--- Tothwolf <tothwolf_at_concentric.net> wrote:
> On Wed, 2 Apr 2003, Patrick Rigney wrote:
>
> > Does anyone recognize these three boards?
> >
> > http://www.rigneyfamily.com/patrick/
>
> I'd imagine the larger header connector on the processor board is the
> memory bus...
Probably not with all those traces going to the 6821 chips.
> ...which is similar to what you see in older SGI and VAX systems.
That much is true. DEC (don't know about SGI) went to "PMI" - Private
Memory Interconnect - to get around problems with address bus width
and memory speeds with processors above the MicroVAX-I (the Qbus is
limited to 22 address bits and about 3MB/sec transfer rate).

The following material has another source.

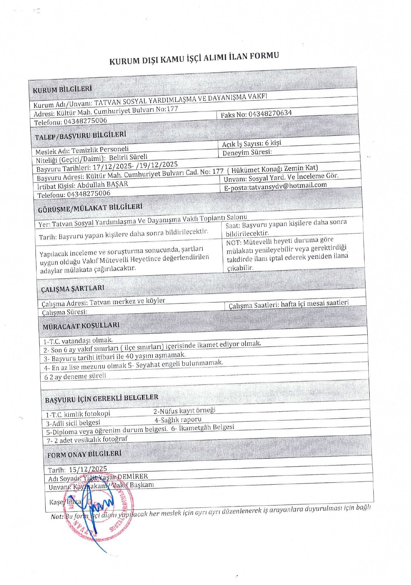 Ana sayfaDaimi İşçi İlanlarıAna sayfaSYDV İlanları Tatvan SYDV 6 İşçi Alacak Tatvan SYDV 6 İşçi Alacak. Son Başvuru Tarihi 19 Aralık 2025 Kaynak : İşkur İlan Giriş : 18 Aralık 2025 00:40, Son Güncelleme : 18 Aralık 2025 00:41 Yazdır Yorumlar (0) Abone Ol

> (Can anyone verify if the 6821/6822 are some sort of bus interface
> chips?)
They are not. The 6821 is a common "Parallel Interface Adapter". It
has two 8-bit parallel ports, several handshaking lines and a couple
of internal timers. It is functionally equivalent to the MOS 6520,
and is somewhat ancestral to chips like the 6522 and 6526. They are
commonly used in 1970s and 1980s gear to strobe keyboard matrices,
to drive external parallel devices, and to control LED and LCD
displays (there's a 6520 on the display board on a Rockwell AIM-65,
for example - I've put a 6821 in mine for testing).